==== DATA SEGMENT ====
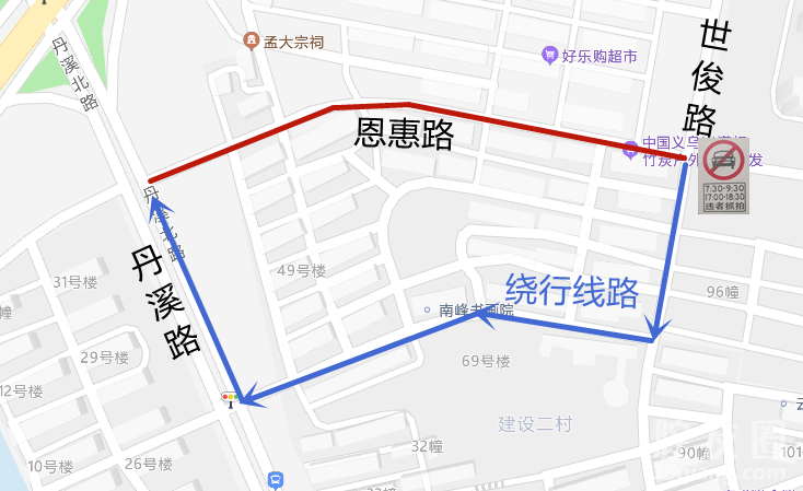 分别于以下两个时段(7:30-9:30、17:00-18:30禁止车辆沿恩惠路从世俊路往丹溪路方向行驶。
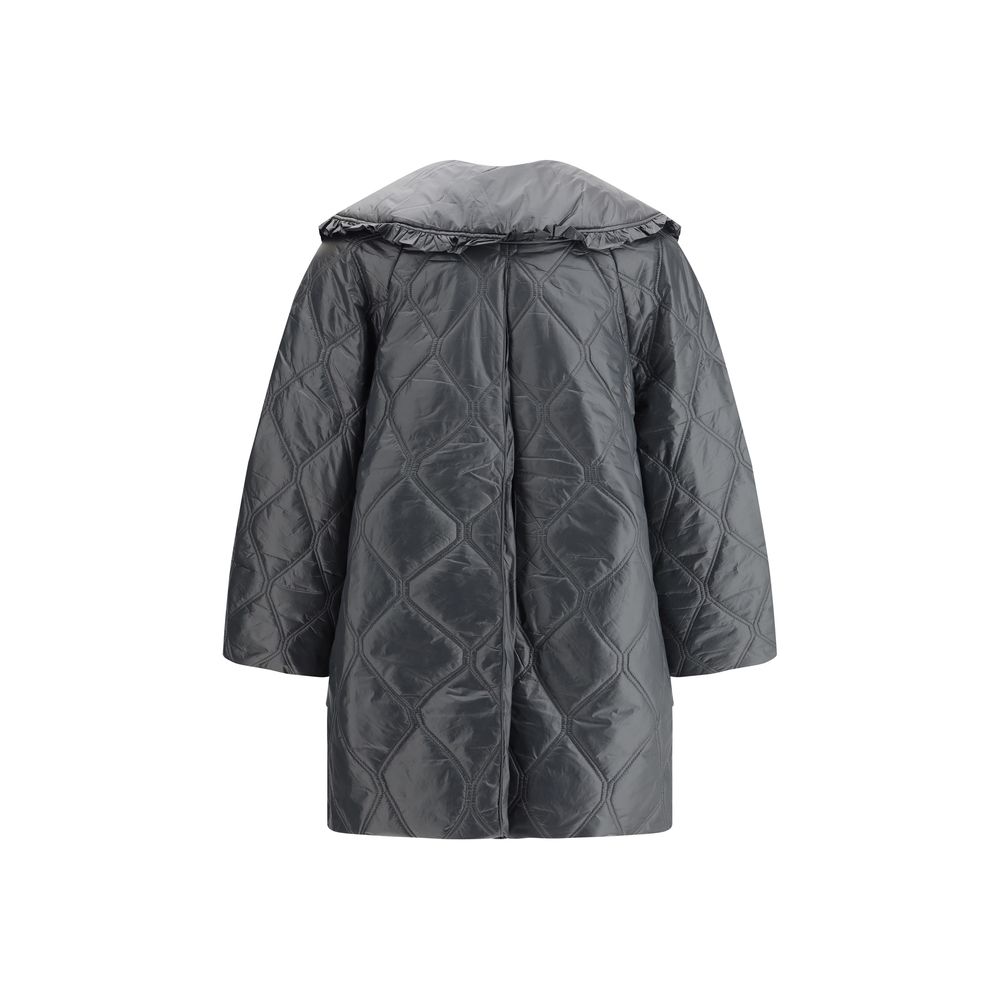 Ganni’s Jacket features a wide classic collar and a front zipper closure. The oversized design features raglan sleeves and a quilted pattern throughout. Two maxi welt pockets stand out on the front, enhanced by the iconic tone-on-tone monogram detail, which adds a distinctive touch to the garment.
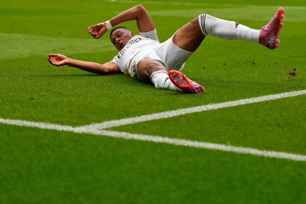 Real Madrid's Kylian Mbappe falls as he battles for the ball during the Spanish La Liga soccer match between Atletico Madrid and Real Madrid at Metropolitano stadium, in Madrid, Spain, Saturday, Sept. 27, 2025. (AP Photo/Manu Fernandez)
====
# [WHAT YOU NEED TO DO]
Please transcribe exactly the lines from the one containing "Ganni’s Jacket features" through the final line of the data, including both, and nothing else. Pictures are to be left out.

# [TASK RESPONSE]
 Ganni’s Jacket features a wide classic collar and a front zipper closure. The oversized design features raglan sleeves and a quilted pattern throughout. Two maxi welt pockets stand out on the front, enhanced by the iconic tone-on-tone monogram detail, which adds a distinctive touch to the garment.
 Real Madrid's Kylian Mbappe falls as he battles for the ball during the Spanish La Liga soccer match between Atletico Madrid and Real Madrid at Metropolitano stadium, in Madrid, Spain, Saturday, Sept. 27, 2025. (AP Photo/Manu Fernandez)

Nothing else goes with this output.